Commuters riot over train delays
Commuters enraged by delays in evening train services set fire to one of South America’s biggest stations, looted nearby shops and attacked riot police.
Police fired rubber bullets and tear gas as rioters pelted them with rocks. The fighting at Buenos Aires’ Constitucion station spilled into a nearby street as demonstrators shattered windows, set fire to a ticket sales area, looted shops and ripped pay phones from walls.
Hundreds of passengers fled the fighting inside the station, one of the largest in South America with an estimated 300,000 users daily.
Twelve police officers were injured by flying rocks, mostly with cuts and bruises to the head and chest, and nine people were also treated at the scene for smoke inhalation, said Alberto Crescenti, a spokesman for emergency medical workers.
Police Commissioner Ricardo Falana reported 16 arrests, including two minors.
He said about 100 police were needed to quell the rioters, who he said threw a “hail of rocks” at officers.
During the disturbances, a motorcycle was set ablaze and angry youths used metal poles to try to break down tall wooden doors to a security office in the station.
Firefighters quickly put out small fires in trash cans and the ticket area. Shattered glass, bricks and sticks littered the hall afterwards.
The fighting threw evening rush hour into chaos, forcing a cancellation of all train service early today.
Fernando Jantus, a spokesman for the Metropolitano train concession, said service was interrupted at the evening rush hour because a train broke down on a key track just outside the station, blocking other trains from leaving the station.
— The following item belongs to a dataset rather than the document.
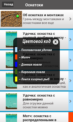 Выберите быстро подходящую оснастку, из представленных 20, используя наш цветовой код. Оснастки охватывают основные техники ловли: на стоячей воде или на течениим, поплавочная удочка, матч, донная ловля, фидер, спиннинг, карповая ловля и т.д.
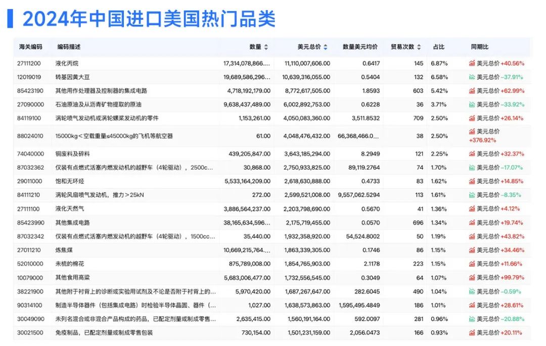 2024年中國進口美國的熱門涵蓋高端半導體、機械、民用飛機、高端集成電路、芯片、能源、農產品(大豆為主)及化工材料等。

“The problem happened at the worst moment,” he said, noting the rioting began in the peak evening rush around 6.30pm local time.
Passengers have long complained about poor commuter rail service on lines leading from Constitucion station in downtown Buenos Aires to poor southern suburbs of the Argentine capital.
The riot was the second major outbreak of violence at the station since passengers angry over cancellation of train service one day last September set three train carriages ablaze and police made seven arrests.
Buenos Aires area commuter rail lines were privatised in the 1990s under then-President Carlos Menem, but passengers have complained for years about the failure of new operators to provide timely service on often crowded routes.